> _WHAT TO WORK ON_:
All of the data that follows should be given again exactly, without its images.

> _Collected data_:
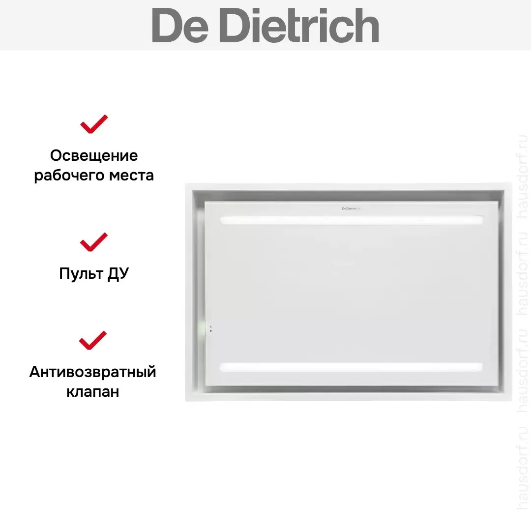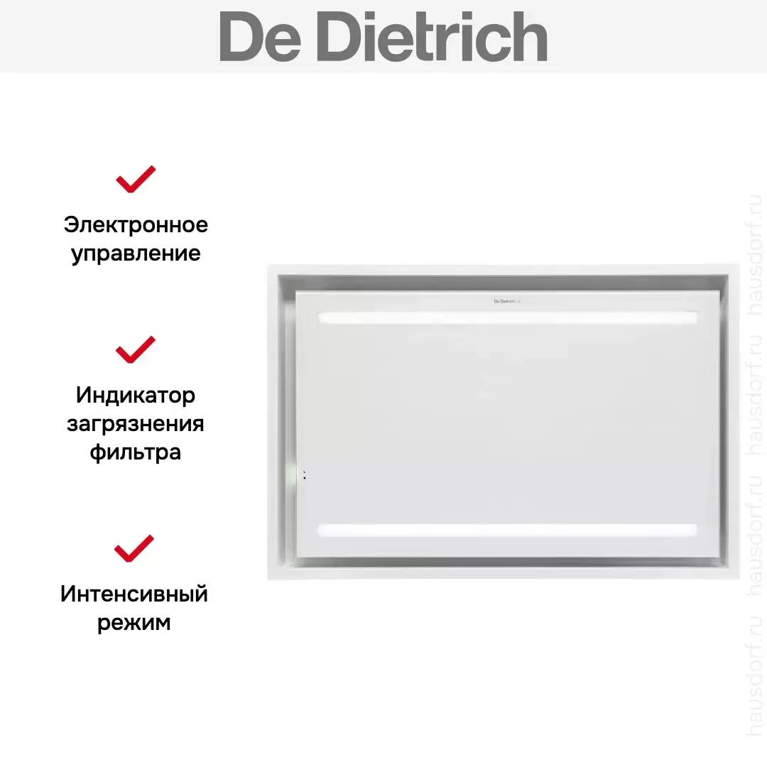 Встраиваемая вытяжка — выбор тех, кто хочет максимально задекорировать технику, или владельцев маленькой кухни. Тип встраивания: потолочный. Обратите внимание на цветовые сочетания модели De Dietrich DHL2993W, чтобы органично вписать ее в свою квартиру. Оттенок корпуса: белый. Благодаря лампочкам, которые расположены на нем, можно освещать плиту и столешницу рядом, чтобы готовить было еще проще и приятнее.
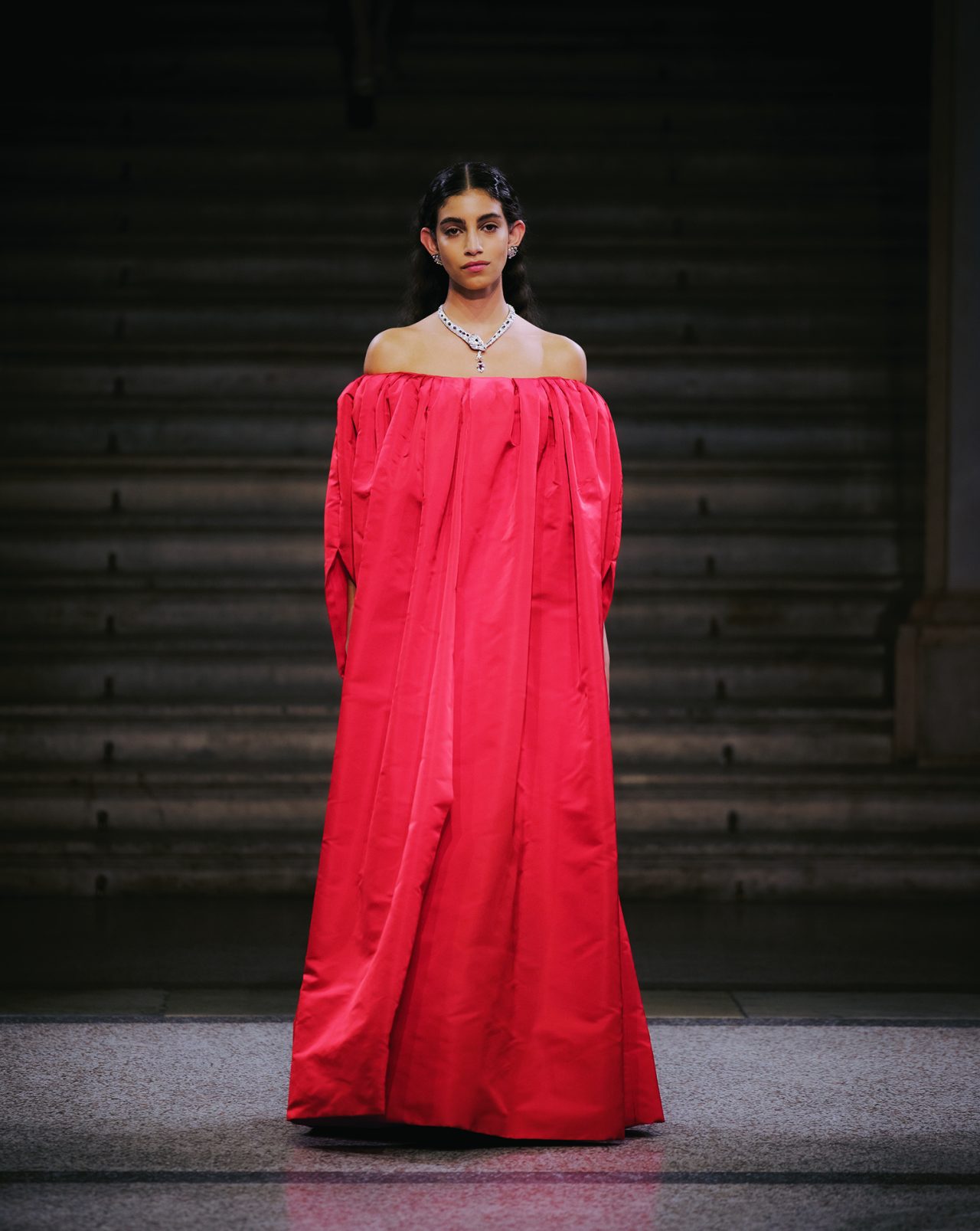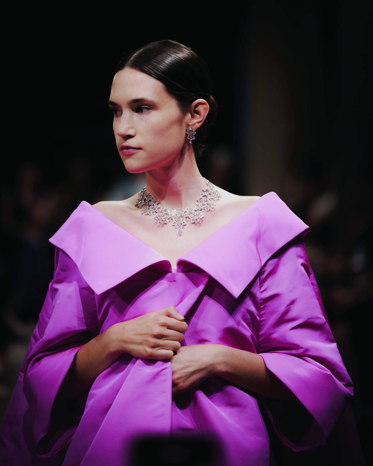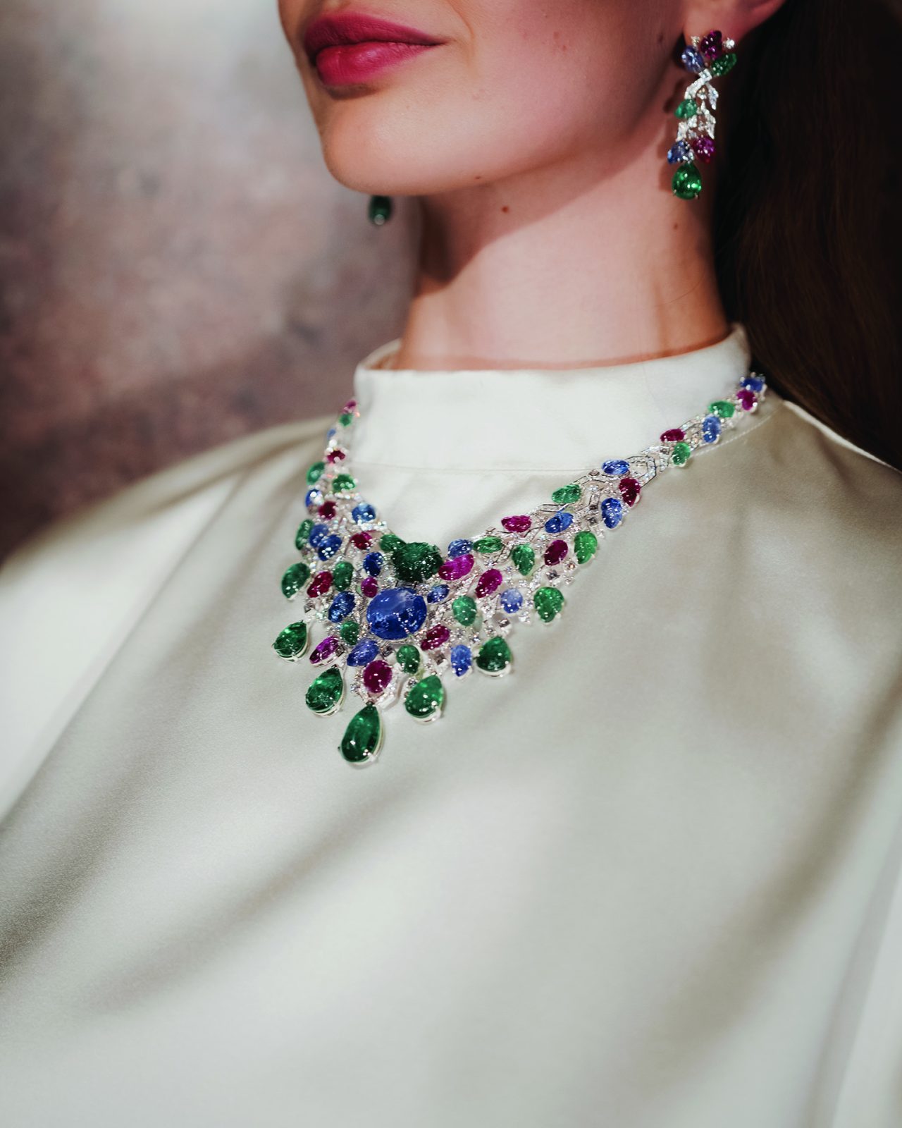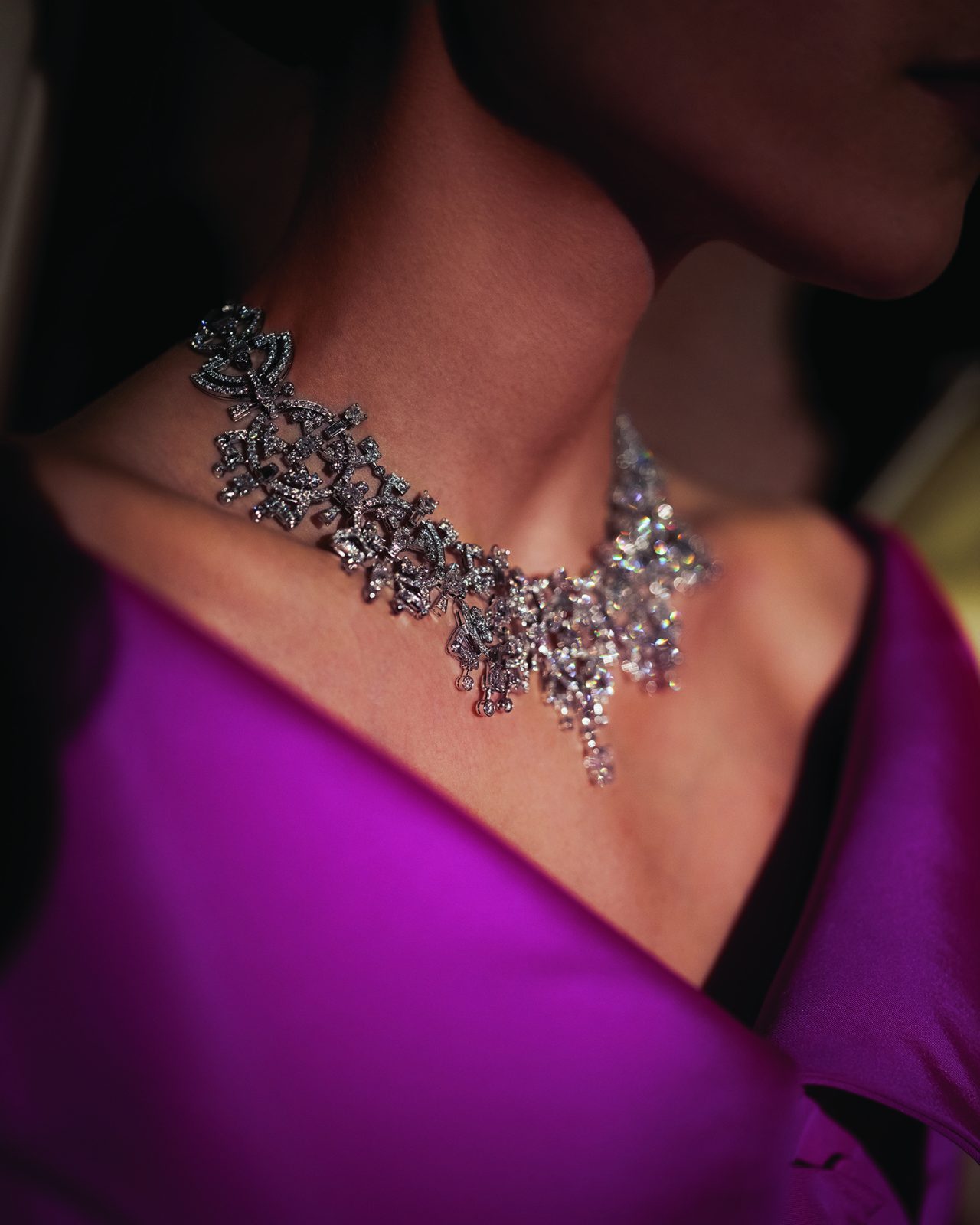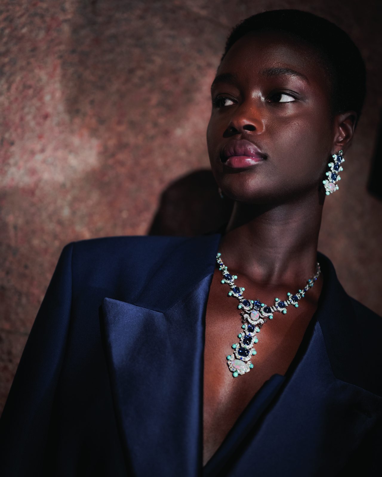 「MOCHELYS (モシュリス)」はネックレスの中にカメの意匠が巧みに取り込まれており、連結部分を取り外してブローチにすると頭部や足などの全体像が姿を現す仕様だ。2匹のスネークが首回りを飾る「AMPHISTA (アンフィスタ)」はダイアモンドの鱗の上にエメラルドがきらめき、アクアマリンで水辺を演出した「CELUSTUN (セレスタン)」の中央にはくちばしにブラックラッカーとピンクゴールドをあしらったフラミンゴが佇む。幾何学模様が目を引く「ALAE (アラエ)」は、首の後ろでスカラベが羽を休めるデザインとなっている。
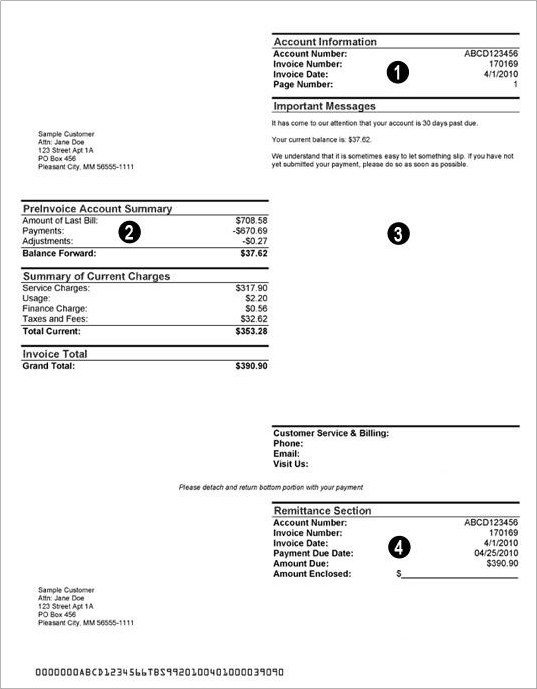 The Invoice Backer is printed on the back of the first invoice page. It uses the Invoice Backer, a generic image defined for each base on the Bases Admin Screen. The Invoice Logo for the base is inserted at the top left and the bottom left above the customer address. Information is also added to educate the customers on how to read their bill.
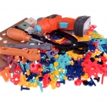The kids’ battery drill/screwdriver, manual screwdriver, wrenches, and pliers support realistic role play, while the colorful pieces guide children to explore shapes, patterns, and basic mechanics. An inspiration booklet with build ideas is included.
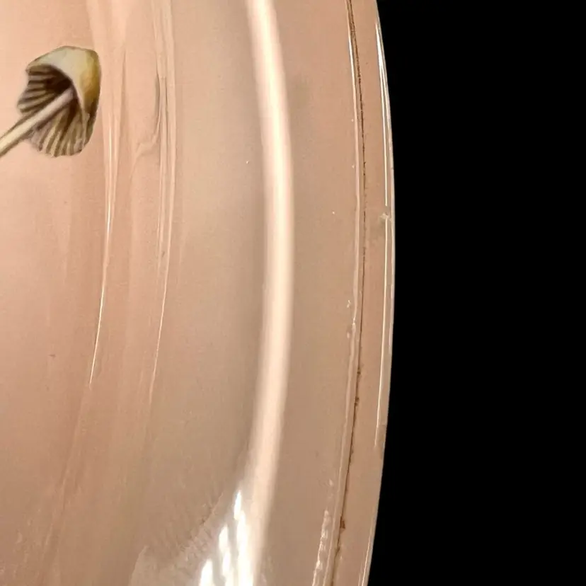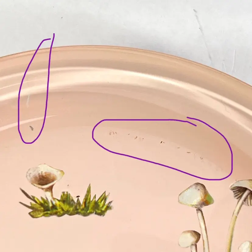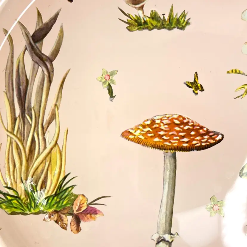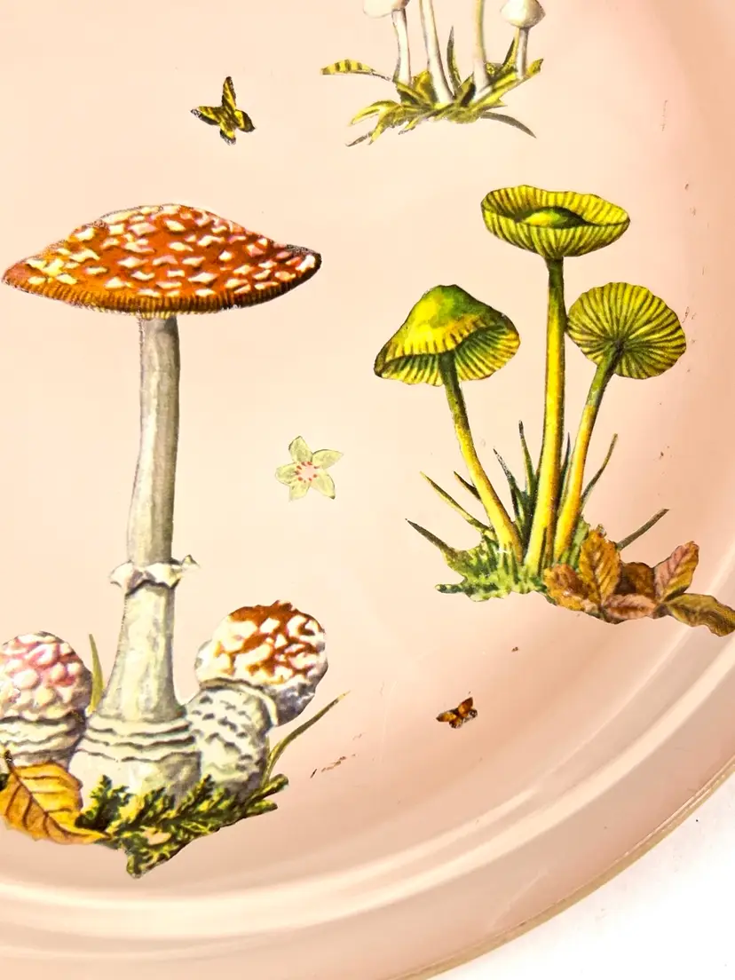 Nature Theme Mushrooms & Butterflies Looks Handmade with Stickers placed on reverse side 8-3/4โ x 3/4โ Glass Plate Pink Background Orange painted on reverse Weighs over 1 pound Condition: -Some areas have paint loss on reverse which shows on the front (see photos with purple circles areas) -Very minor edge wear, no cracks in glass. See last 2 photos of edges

> _ANSWER SPACE_:
 Встраиваемая вытяжка — выбор тех, кто хочет максимально задекорировать технику, или владельцев маленькой кухни. Тип встраивания: потолочный. Обратите внимание на цветовые сочетания модели De Dietrich DHL2993W, чтобы органично вписать ее в свою квартиру. Оттенок корпуса: белый. Благодаря лампочкам, которые расположены на нем, можно освещать плиту и столешницу рядом, чтобы готовить было еще проще и приятнее.
 「MOCHELYS (モシュリス)」はネックレスの中にカメの意匠が巧みに取り込まれており、連結部分を取り外してブローチにすると頭部や足などの全体像が姿を現す仕様だ。2匹のスネークが首回りを飾る「AMPHISTA (アンフィスタ)」はダイアモンドの鱗の上にエメラルドがきらめき、アクアマリンで水辺を演出した「CELUSTUN (セレスタン)」の中央にはくちばしにブラックラッカーとピンクゴールドをあしらったフラミンゴが佇む。幾何学模様が目を引く「ALAE (アラエ)」は、首の後ろでスカラベが羽を休めるデザインとなっている。
 The Invoice Backer is printed on the back of the first invoice page. It uses the Invoice Backer, a generic image defined for each base on the Bases Admin Screen. The Invoice Logo for the base is inserted at the top left and the bottom left above the customer address. Information is also added to educate the customers on how to read their bill.
The kids’ battery drill/screwdriver, manual screwdriver, wrenches, and pliers support realistic role play, while the colorful pieces guide children to explore shapes, patterns, and basic mechanics. An inspiration booklet with build ideas is included.
 Nature Theme Mushrooms & Butterflies Looks Handmade with Stickers placed on reverse side 8-3/4โ x 3/4โ Glass Plate Pink Background Orange painted on reverse Weighs over 1 pound Condition: -Some areas have paint loss on reverse which shows on the front (see photos with purple circles areas) -Very minor edge wear, no cracks in glass. See last 2 photos of edges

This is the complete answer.